Novelty: ⭐⭐⭐⭐ The three components are well-targeted. The combination of "geometry-guided secondary masking" and "2D reprojection alignment for multi-task consistency" is highly creative, though individual components are built on existing paradigms (MAE, Scaffold-GS, reprojection consistency).
Experimental Thoroughness: ⭐⭐⭐⭐ The paper covers five 3D vision tasks, 268 embodied tasks, cross-dataset generalization, and three sets of ablations. However, it lacks evaluations on outdoor/high-resolution scenes, as well as analyses of training overhead and hyperparameter sensitivity.
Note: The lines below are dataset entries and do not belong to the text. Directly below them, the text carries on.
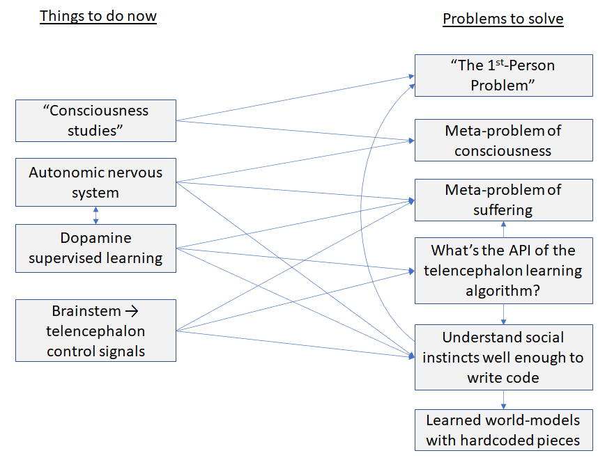 Unlike the previous section, I do think I’m pretty likely to do some work here, even in the short term, partly because I’m still pretty generally confused and curious about this. More importantly, it’s very closely tied to other things in AGI safety that I need to be working on anyway. In particular, it seems pretty intimately tied to decision-making and motivation—for example, we are motivated to not suffer, and we make decisions that lead to not-suffering. I’ve already written a lot about decision-making and motivation and plan to write more, because understanding and sculpting AGI motivation is a huge part of AGI safety. So with luck I’ll have something useful to say about the meta-problem of suffering at some point.
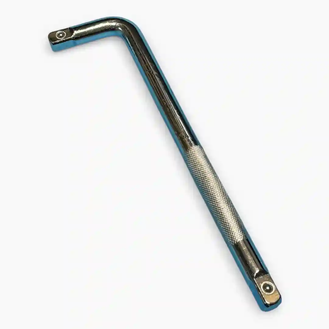 Herramienta manual de alto rendimiento diseñada para la aplicación de torque y fuerza en trabajos de mecánica automotriz e industrial. Esta llave tipo «L» cuenta con una estructura robusta fabricada en metal con acabado cromado, proporcionando resistencia a la corrosión y una larga vida útil. Su diseño ergonómico incluye una zona de agarre moleteada para asegurar un manejo firme y seguro durante la operación.
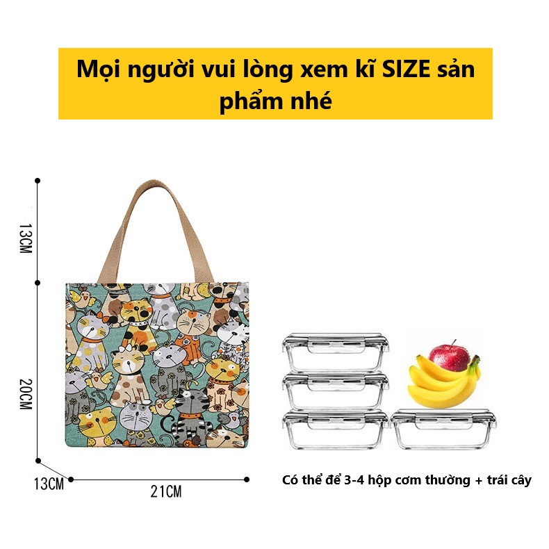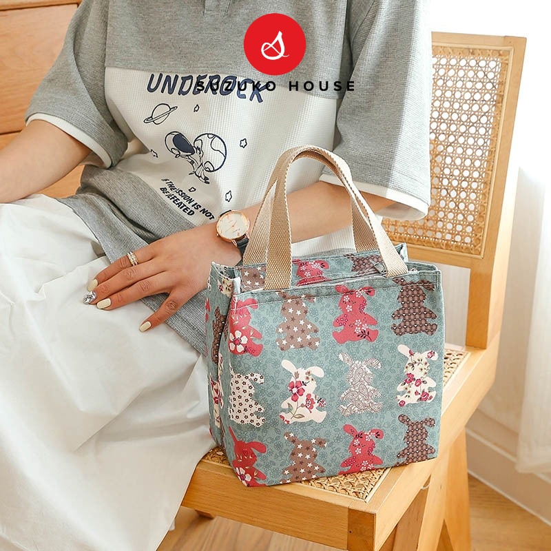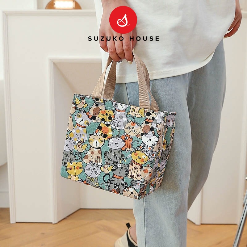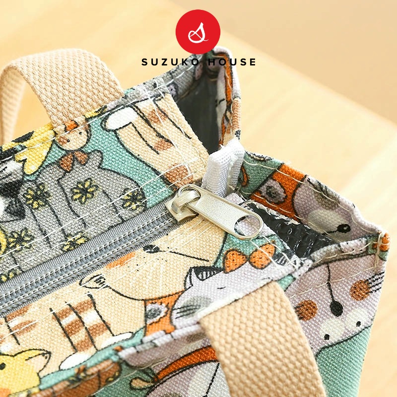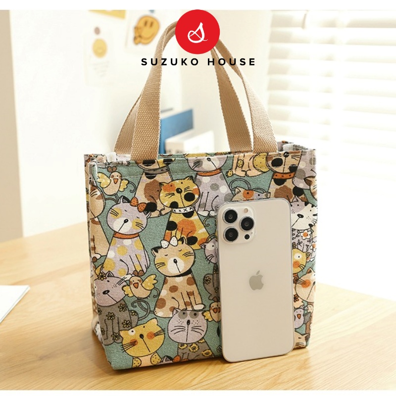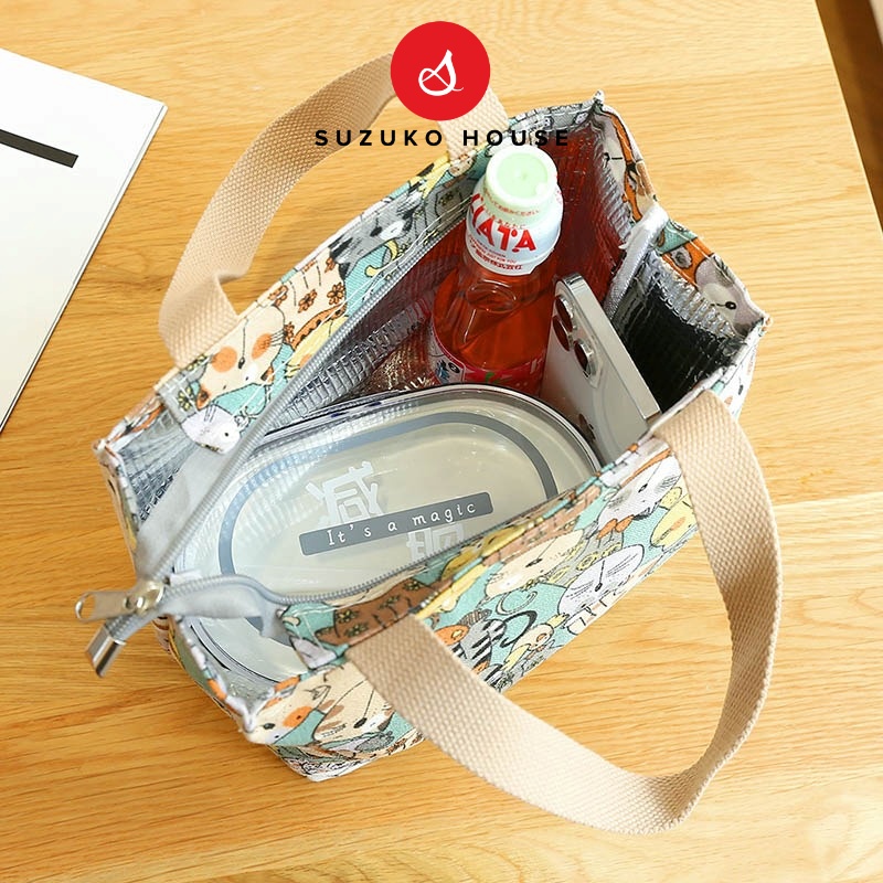 Túi đựng hộp cơm, SUZUKO HOUSE vải Canvas lót bạc dày chống thấm nước giữ nhiệt đựng cơm trưa đồ ăn đi làm văn phòng TV1

Writing Quality: ⭐⭐⭐⭐ The chain of motivation-method-experiment is clear, formulas are complete, and the roles of the three components are well explained. Some notations (e.g., the relationship between \(N_g\) and the token count 256) could be clarified with reference to the original paper.
Value: ⭐⭐⭐⭐ A unified, unposed 3D representation is a critical need for embodied AI. Its performance as a frozen backbone surpassing DINOv2, CLIP, and SPA is highly convincing, indicating high transfer value.